Борис вырвался и выскочил прямо в воду. Кто знает среднеазиатские горные реки, даже самые маленькие и мелкие, тот помнит огромную концентрированную силу течения, которая им свойственна. Борис был моментально сбит с ног, бурлящая вода подхватила его, ударила с силой об огромные, торчавшие в воде валуны и вынесла наискось к противоположному берегу.
То ли потому, что наша линейка полегчала, то ли лошади испугались, но как раз в это время они рванули и вынесли нас из стремнины. Я сбежал, хромая, с линейки, подковылял к тому месту, где в воде недвижно лежал Борис, и мы вдвоем с возницей вытащили его на берег.
По моим расчетам, вода должна была отрезвить его.
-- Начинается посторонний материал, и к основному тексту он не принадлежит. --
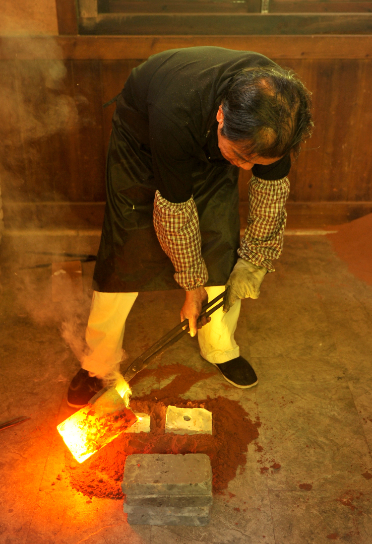 “張打鐵,李打銅,一個發家一個窮,打鐵只靠一爐火,打銅要過幾道熔。”這首在桃源流傳久遠的民謠道出了桃源銅器制作技藝的復雜工藝流程和工作辛苦度。桃源銅器制作采用的失蠟法是沿用古代青銅鑄造較普遍和成熟的工藝。縣域內出土方罍之王—皿方全天罍是商代制品,國家級文物保護單位采菱城周邊出土戰國時期多種青銅器證明,桃源銅器制作技藝已有3000多年歷史,至今仍在全縣流傳。

Но теперь он был без сознания, очевидно от удара головой о камни. В том, что он был жив, не было сомнения. Мы втащили его в линейку и тронулись.
Я и Борис переменились местами. Теперь не он меня, а я его вез в больницу.
Трясясь в линейке, я обдумывал, как проведу день после перевязки до вечера. Поговорю с Катей, Александрой Ивановной, это всегда радостно, а потом? Да, Ратаевский ведь говорил, что Листер дал ему письма, которые я должен свезти в исполком. Но где они? Черт побери, они могли пострадать в воде, а то, чего доброго, и остаться на дне реки. Надо сейчас же проверить. Борис мог пролежать без сознания до вечера, дело же ждать не должно. Я расстегнул тужурку Бориса и, нащупав в боковом кармане бумаги, вынул их. К счастью, они оказались сухими. Борис находился в воде такое короткое время, что платье его намокло только сверху. В тряской линейке я быстро пересмотрел письма — одно было для пересылки Толмачеву, другое, незапечатанное, — в материальный отдел ревкома с требованием на очередные продукты и материалы, и отдельно записка мне о том, чтоб я повидал Пашу и взял у него корреспонденцию для лагеря. Как будто все, но для проверки я снова пересмотрел внутренний карман Бориса, и мои пальцы нащупали еще какую-то крохотную бумажку. Я вынул ее.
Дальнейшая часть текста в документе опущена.